The city of the Holy Spirit, the only one in Cuba that keeps its Latin name, enjoys the pleasure of celebrating the 504th anniversary of its foundation
The first location of the town, on the right bank of the Tuinucú River, near the site known as Loma or Cayo de la Iglesia, must have been established on Sunday, June 4, 1514, day of Pentecost.
According to researchers, that day the liturgical activity was led by Dominican Friar Bartolomé de las Casas. Renowned historian Manuel Martínez-Moles, in his article Fundadores de Sancti Spíritus (Founders of Sancti Spiritus) proved that the village was not founded in 1515 nor in the second half of 1514, but during the first half of the latter.
In 1522 it was moved next to the Yayabo River. Oral tradition says the moving was attributed to a plague of ants that attacked newborns on their navels, thus killing them. However, experts consider the real cause was the shortage of lands and the imperative need to look for new areas with greater amounts of gold and aboriginal workforce.
FOR WHOM THE BELL TOLLS
For the last four years, the colonial town has exhibited five allegorical bells which allow parodying the title of one of American writer Ernest Hemingway’s works, although the aforementioned do not produce any sound at all.
Bells can be found on the street next to the Iglesia Mayor (National Monument), as well as in several other places of the urban historical center.
In the fourth of the first seven villages founded by Diego Velázquez de Cuéllar there’s an area —on the Honorato Street— where five huge bells recall the history lived from June 4th, 1514 to 2014, when Sancti Spíritus turned 500.
Each of the bells represents 100 years, that is, the first one covers from 1514 to 1614 and so on until completing the five centuries of this city, located about 350 kilometers east of Havana.
The bronze color bells feature the shield of the city, represented with a pigeon with wings outstretched, four Cuban flags, the letters N and S, and the motto Mi lealtad acrisolada (My sterling loyalty). The phrase Testigo del Tiempo (Witness of Time) is written on the lower edge of the bells.

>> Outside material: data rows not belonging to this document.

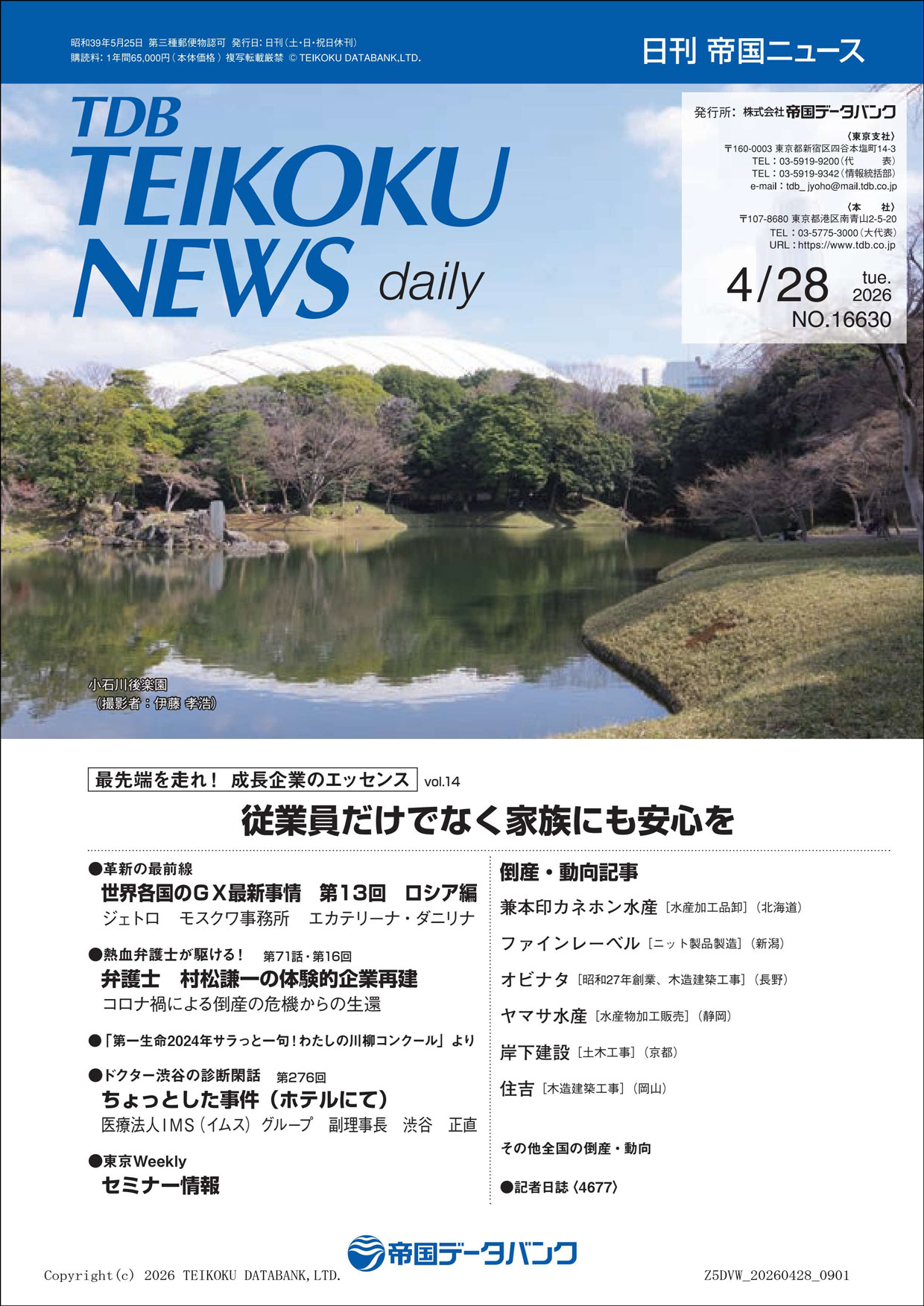 4月28日(火)発行の日刊 帝国ニュース表紙裏面に、弊社企業広告が掲載されました。
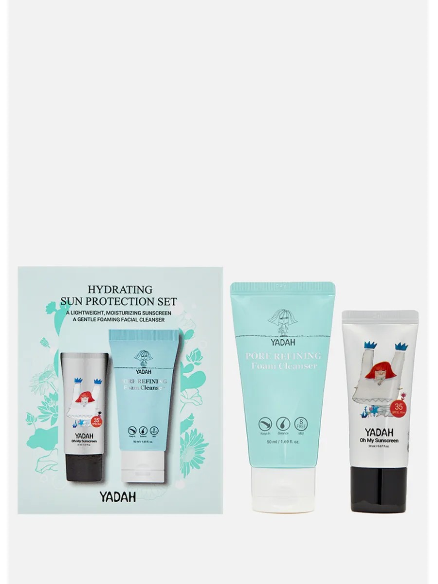 Универсальный и лаконичный уход за кожей от YADAH — правильное очищение и защита от УФ-лучей. В набор входят успокаивающий солнцезащитный крем Oh My Sun Screen SPF 35 PA++ (20 мл) и очищающая пенка для сужения пор PORE REFINING Foam Cleanser (50 мл) в мини-форматах.
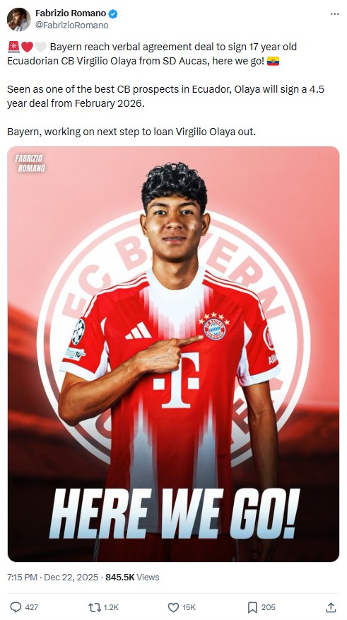 “Bayern mencapai kesepakatan lisan untuk mendatangkan bek tengah muda Ekuador berusia 17 tahun, Virgilio Olaya, dari SD Aucas, mari kita mulai! Dianggap sebagai salah satu prospek bek tengah terbaik di Ekuador, Olaya akan menandatangani kontrak 4,5 tahun mulai Februari 2026. Bayern sedang mengerjakan langkah selanjutnya untuk meminjamkan Olaya,” tulis cuitan Fabrizio Romano di akun X pribadinya, @FabrizioRomano.
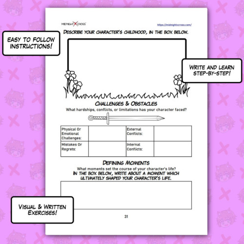 This pro version is crafted for storytellers who blend writing and illustration. With expanded drawing spaces, detailed checkboxes, and advanced prompts, it helps you explore your character visually, emotionally, and narratively. It is designed to support creators who want to understand all aspects of their character; from appearance, voice, and skills to beliefs, memories, and transformation.
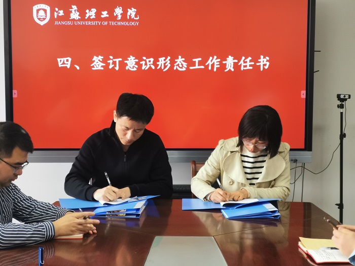 会上,羊悦传达了江苏省教育厅厅长、党组书记、省委教育工委书记江涌在3月9日全省教育系统全面从严治党工作会议上的重要讲话精神和我校2023年党建工作会议、2023年度责任目标管理暨作风建设推进会相关会议精神,代表学院党总支与各党支部书记现场签订了意识形态工作责任书。
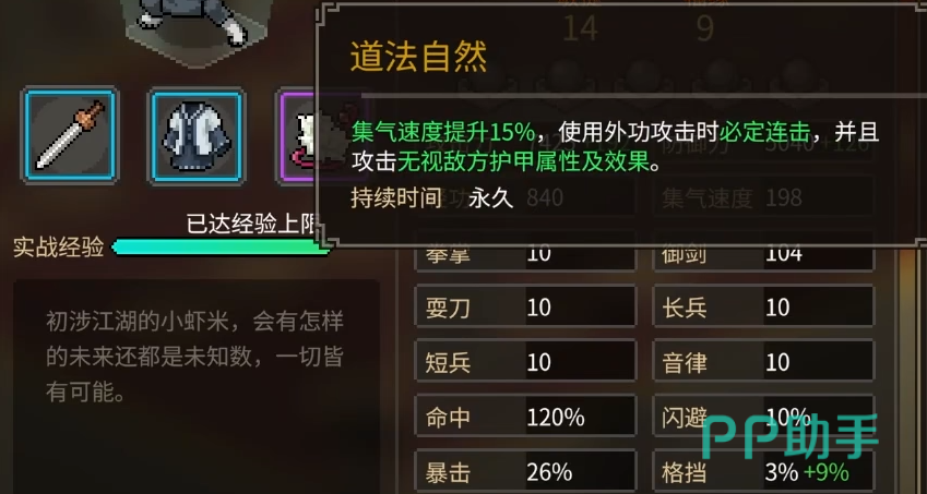 道法自然是一个橙色的特性,这个特性是让我们的集气速度提升15%。在使用外功攻击的时候必定会进行连击,并且攻击的时候会无视敌方的护甲属性以及效果。
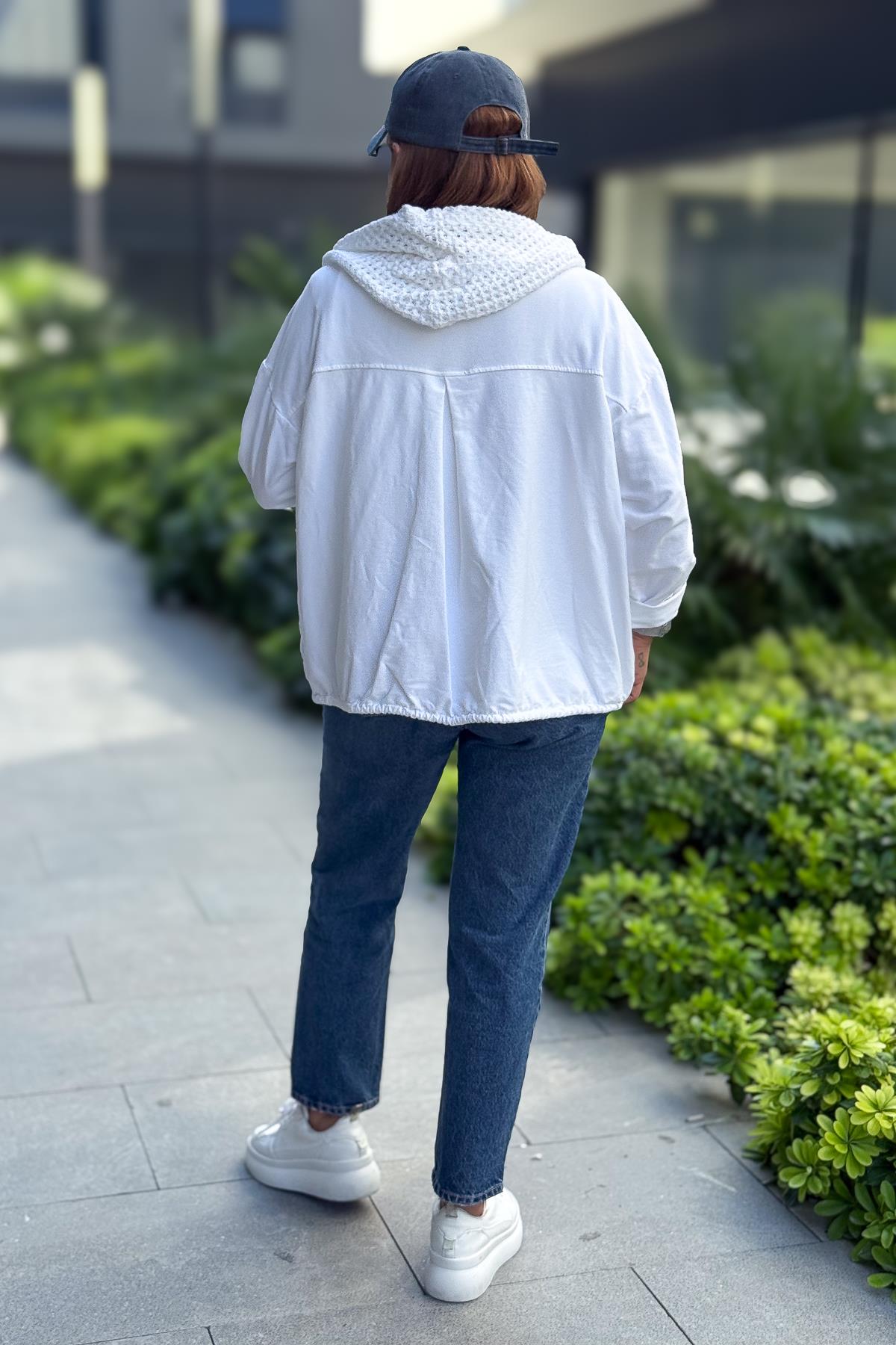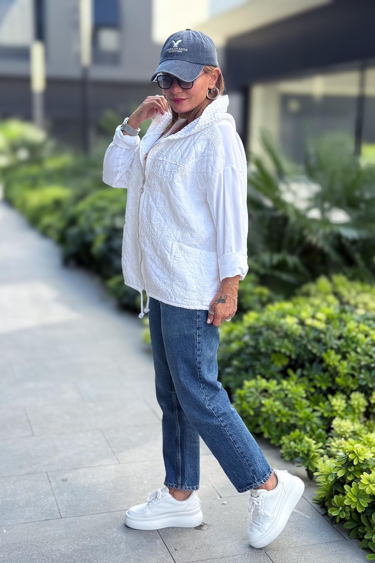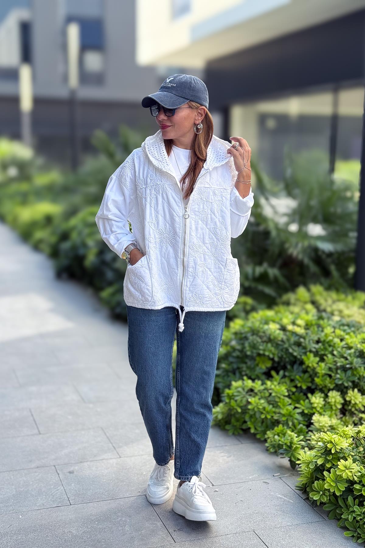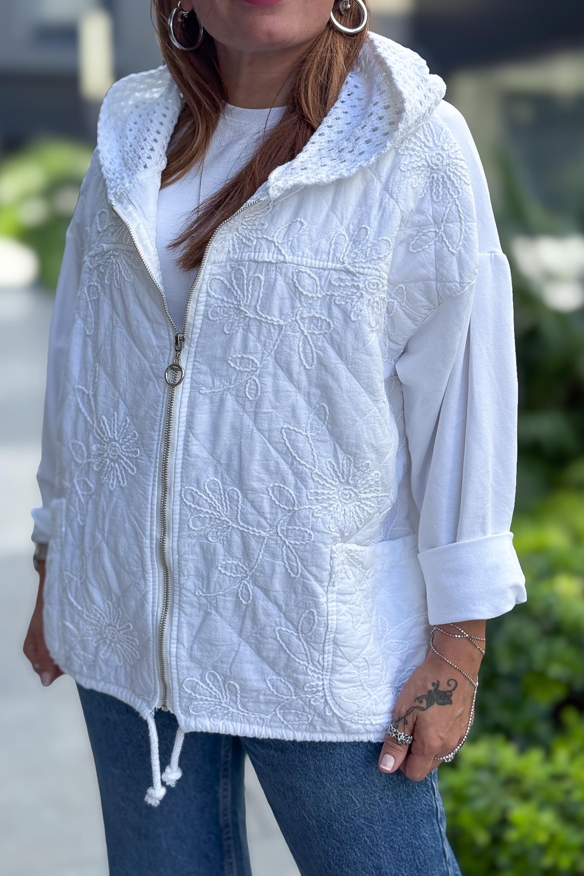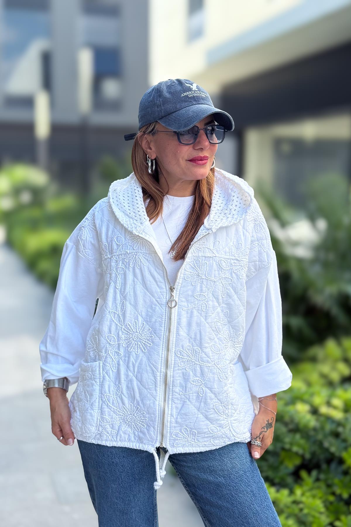 Çiçek Desenli Kapitone Ceket Beyaz Renk
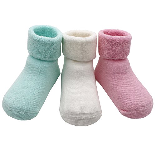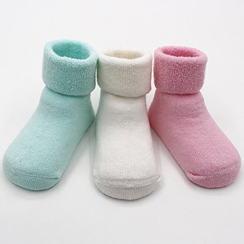 赤ちゃん ベビー 新生児 可愛いソックス 靴下 柔らかい靴下 秋冬 お祝い 出 産 祝い 保温ソックス 3足 (S, 多色)
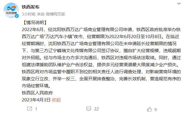 中新網(wǎng)4月3日電 鐵西發(fā)布官方微博3日發(fā)布情況說明:2022年6月,經(jīng)沈陽鐵西萬達(dá)廣場商業(yè)管理有限公司申請,鐵西區(qū)政府批準(zhǔn)舉辦鐵西萬達(dá)廣場“萬達(dá)汽車小鎮(zhèn)”夜市,經(jīng)營期限為2022年6月20日至10月8日。在臨近經(jīng)營期滿時,沈陽鐵西萬達(dá)廣場商業(yè)管理有限公司在未申請延長經(jīng)營期限的情況下,與第三方遼寧峰瑞文化傳媒有限公司簽訂協(xié)議,擅自擴(kuò)大經(jīng)營規(guī)模,違規(guī)超期對外招租。
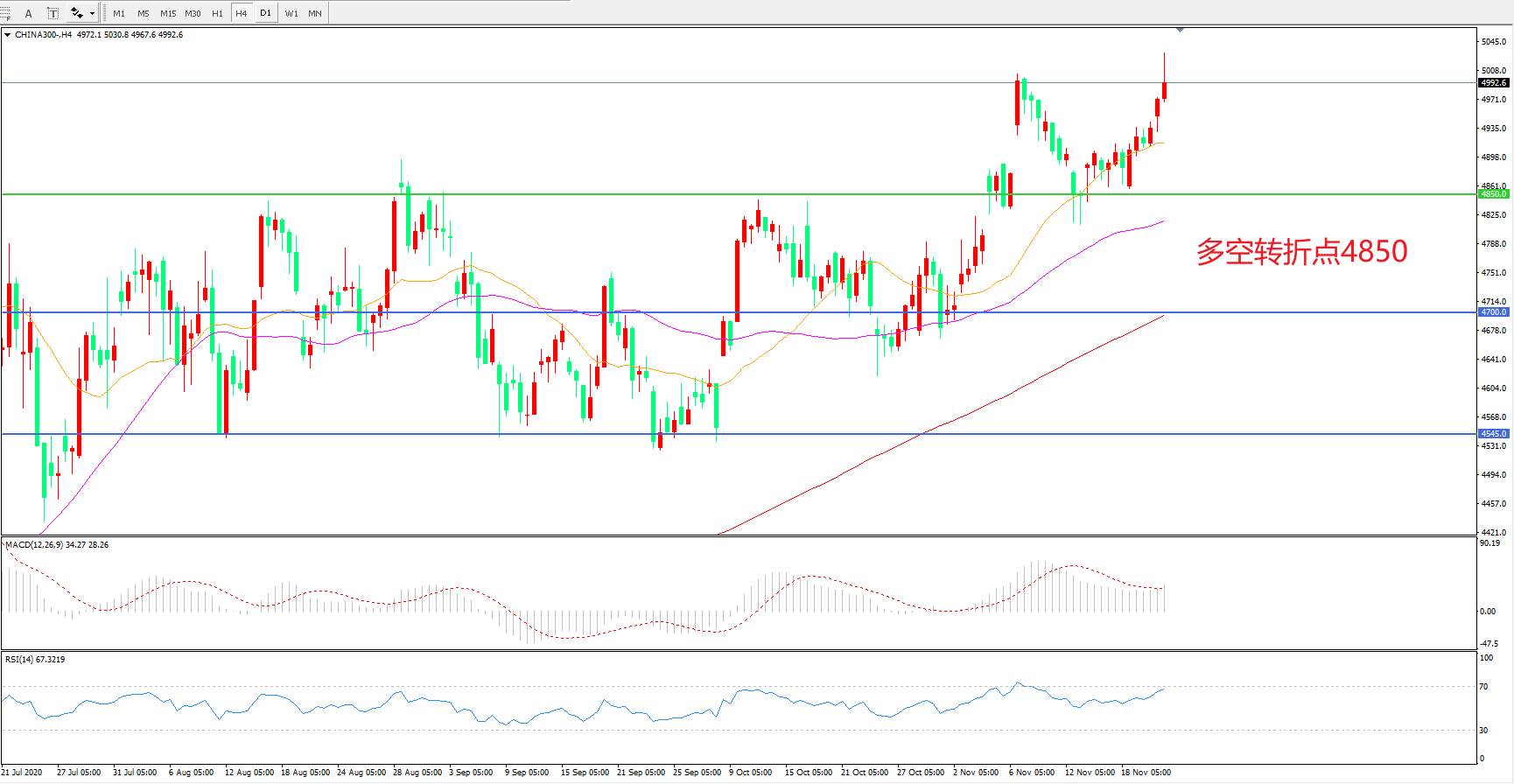 多空转折点:4850.00
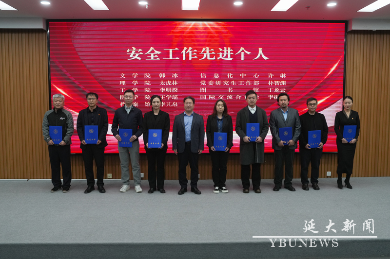 安全保卫处处长尹龙宣读《关于表彰2025年度安全工作先进集体和先进个人的决定》,10个先进集体和9个先进个人获得表彰,杜锐、孙俊奇为获奖集体和个人颁发奖牌和证书。药学院、人文社会科学学院、离退休工作处、图书馆负责人分别代表学院和职能部门向杜锐递交《延边大学2026年度安全工作暨平安校园建设目标责任书》。后勤保障处党委副书记张瑞军、理学院化学系主任太虎林先后代表先进集体和先进个人发言,结合各自开展安全工作情况作经验交流。

The motto refers to the allegiance of the Council towards Spain when, in 1762, the English took over Havana. On the other hand, the pigeon represents the Holy Spirit, patron saint of the city.
THE NICE GÜIJE
Güijes are characters intrinsically linked to the myths and legends of Sancti Spiritus. People say that these small, playful, naughty, ebony-color creatures live in puddles, lagoons and rivers.
People imagination associates güijes with the Yayabo River but some experts believe these lively characters, who are sometimes also called jigües or chichiricúes, were created by local aborigines.
They were like goblins. They used to appear and disappear in the arches of the bridge over the Yayabo River, or dragged chains along cobblestone streets in full moon nights.
Tradition lovers say that the güijes made countless deviltries with which they frightened those who walked over that old bridge. Among the many legends there’s one about some güije who wandered through a tunnel and reached the presbytery of the Iglesia Mayor.
Juan Rodríguez Paz, El Monje, who died in 1995 and was one of the most renowned primitive painters in the country, became famous because his paintings of guijes and elves.